## WHAT YOU HAVE TO DO
Look through the data below for the line with "Besteht das Symbol" and the line with "Then, swap the", then transcribe exactly from the first through the second, leaving out all pictures.

## LISTED ENTRIES
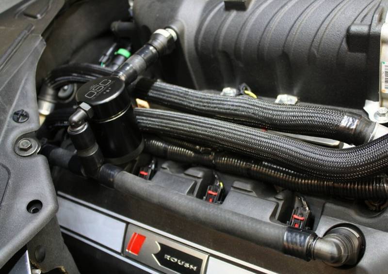 Oil Separator 3.0 Passenger Side During the process of venting crankcase pressure back through your intake track, large amounts of oil, in the form of vapors can gather/accumulate in your intake tube, intake manifold runners and even dilute your gas, lowering its octane level. This happens on all engines and is even worse with forced inducted vehicles (supercharged and turbocharged) as crankcase pressures are increased. To combat this, we have developed an oil separator of our own design. Milled from solid billet aluminum this is a rock-solid piece. It has a knurled tank base for easy removal to drain the spent oil and an O-ring seal to prevent any leaks.
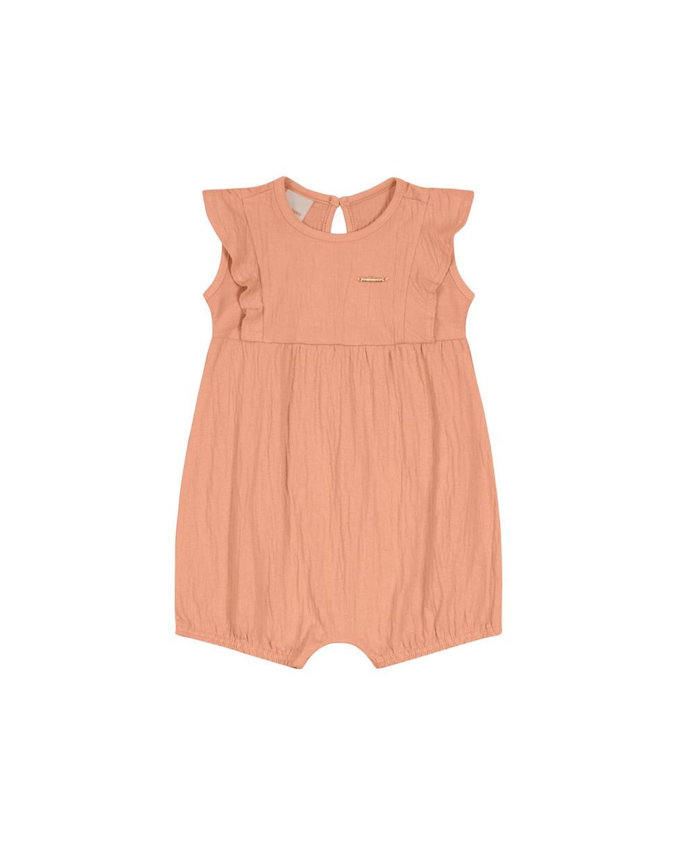 Macacão confeccionado em tecido de malha texturizada. O macacão é uma peça única que oferece muita praticidade para as meninas e nesta verão em tecido de malha, apresenta decote redondo, mangas curtas com babados, abertura nas costas, barra com elástico e abertura entre pernas com fechamento em botão de pressão. Com detalhe de plaqueta metálica da Carinhoso no peitoral. Uma peça delicada para os melhores momentos!
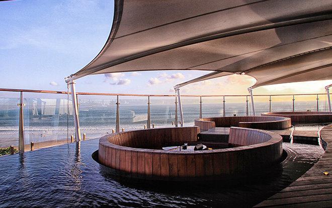 Quinze mètres au-dessus du niveau de la mer et couvrant plus de 1700 mètres carrés, ceci est un des plus grands bars sur les toits du monde.
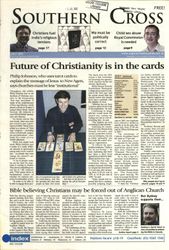 Creator: Robson, Geoff Date: 2002-07-01 Contributing Institution: Moore Theological College Description: Future of Christianity is in the cards - on reaching people into New Age philosophy, and the decline of Christianity in general Bible believing Christians may be forced out of Anglican Church - on the Anglican church in Canada and homosexuality and the Bible Vote for gay unions could split Anglic... View Full Item at Moore Theological College -
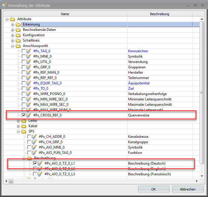 Besteht das Symbol und sind benötigte Stromkreise (wie hier für die Speichsung) ergänzt worden, müssen die Attribute des Querverweises wie auch jene für die Beschreibung hinzugefügt werden.
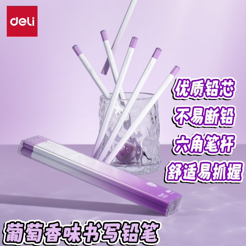 得力葡萄香味铅笔黑木六角杆书写铅笔小学生HB/2B铅笔书写绘图
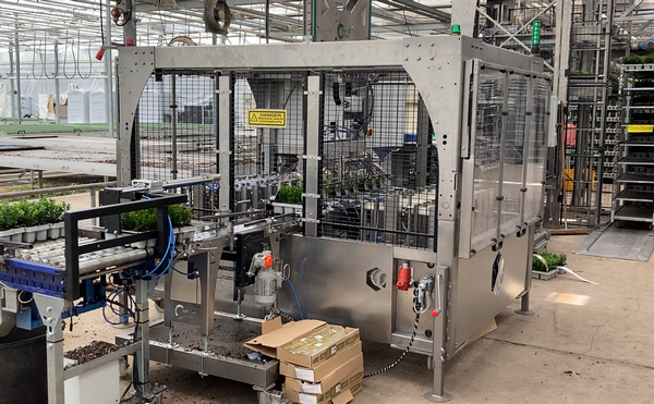 “Nadat de trays met beugels verenkeld zijn, worden ze doorgevoerd naar een Crea-Tech karrenlader die het zware werk op moeilijke hoogtes elimineert en snel en geschikt is voor karren met opzet- stukken. Omdat we weten dat karren nooit recht zijn worden de karren van meerder kanten ingeklemd. Vervolgens worden de planten vanaf de invoerband eerst in een bak geschoven. De bak beweegt in de kar zodat de planten niet over de kar platen schuiven. Hierdoor is de machine ook ongevoelig voor beschadigde platen en is het ook mogelijk om losse potten in de kar te laden.”
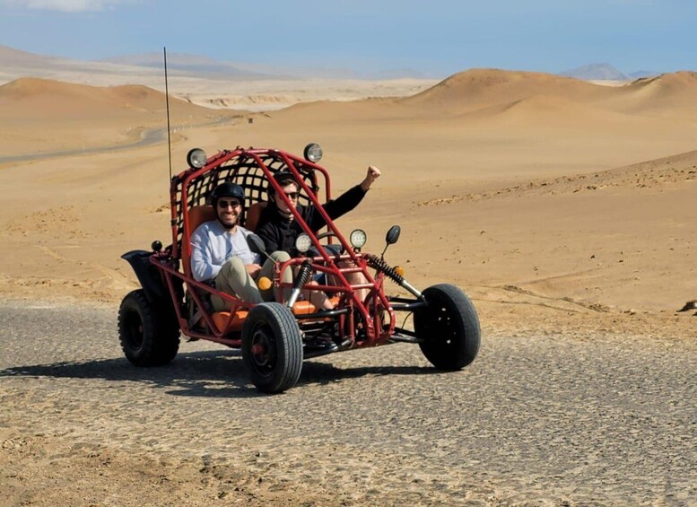 Then, swap the sea for the desert and get your adrenaline pumping with a thrilling mini buggy ride through the Paracas National Reserve. Cross the impressive Paracas Desert and explore iconic places like Yumaque Beach, the Isthmus, and the unparalleled Red Beach, while enjoying spectacular coastal landscapes and unique natural formations.
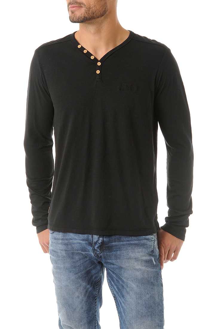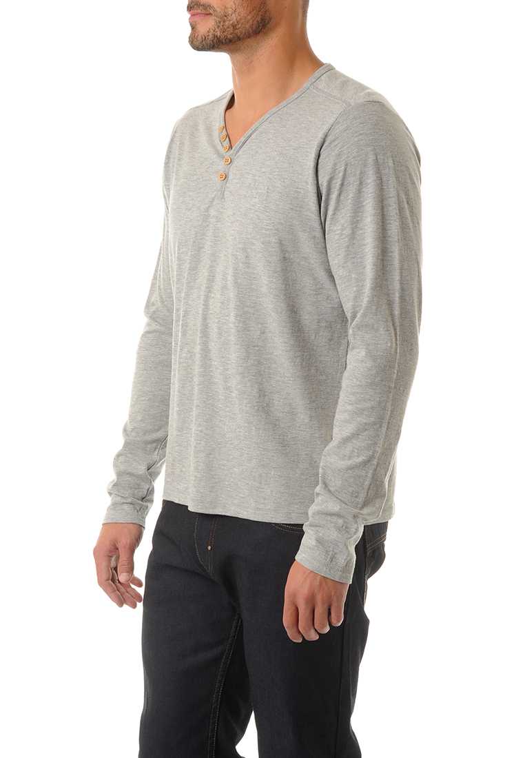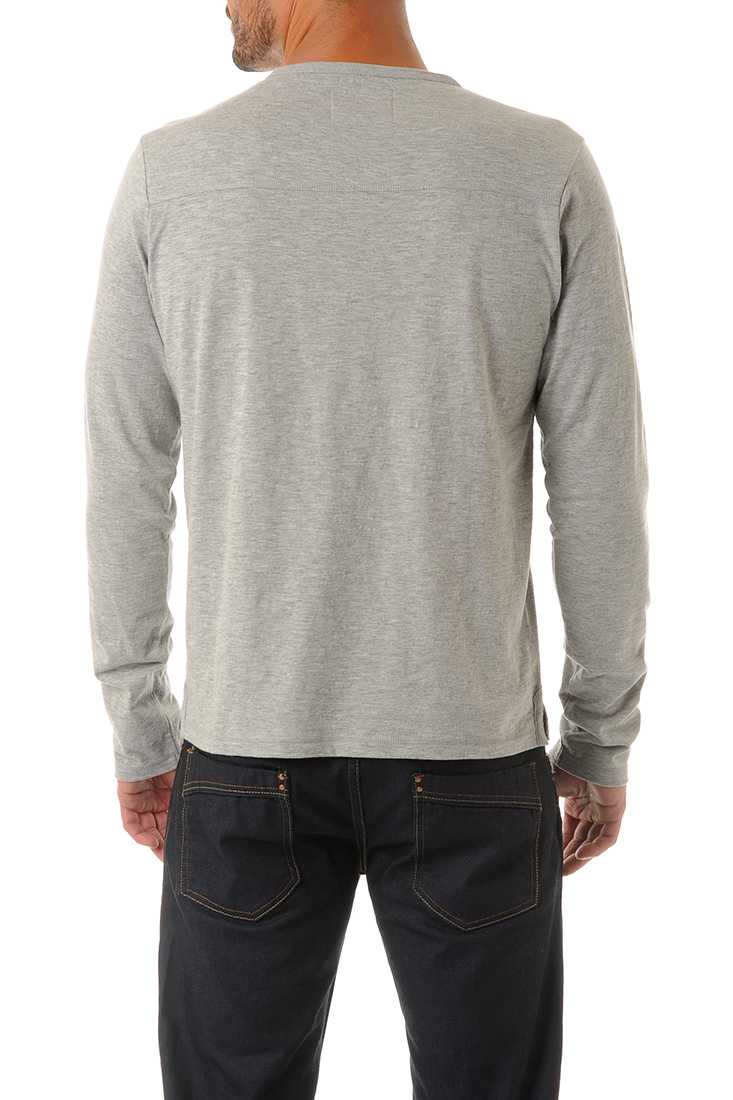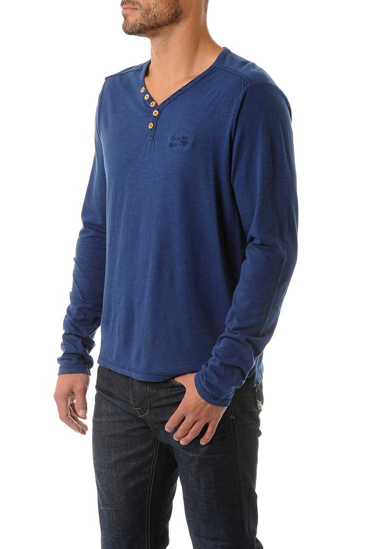 Tee-shirt en Coton flammé, Manches longues, Col tunisien à boutons - Petite broderie poitrine ton sur ton et petit badge camel cousu en bas à droite.

## EXERCISE RESULT
 Besteht das Symbol und sind benötigte Stromkreise (wie hier für die Speichsung) ergänzt worden, müssen die Attribute des Querverweises wie auch jene für die Beschreibung hinzugefügt werden.
 得力葡萄香味铅笔黑木六角杆书写铅笔小学生HB/2B铅笔书写绘图
 “Nadat de trays met beugels verenkeld zijn, worden ze doorgevoerd naar een Crea-Tech karrenlader die het zware werk op moeilijke hoogtes elimineert en snel en geschikt is voor karren met opzet- stukken. Omdat we weten dat karren nooit recht zijn worden de karren van meerder kanten ingeklemd. Vervolgens worden de planten vanaf de invoerband eerst in een bak geschoven. De bak beweegt in de kar zodat de planten niet over de kar platen schuiven. Hierdoor is de machine ook ongevoelig voor beschadigde platen en is het ook mogelijk om losse potten in de kar te laden.”
 Then, swap the sea for the desert and get your adrenaline pumping with a thrilling mini buggy ride through the Paracas National Reserve. Cross the impressive Paracas Desert and explore iconic places like Yumaque Beach, the Isthmus, and the unparalleled Red Beach, while enjoying spectacular coastal landscapes and unique natural formations.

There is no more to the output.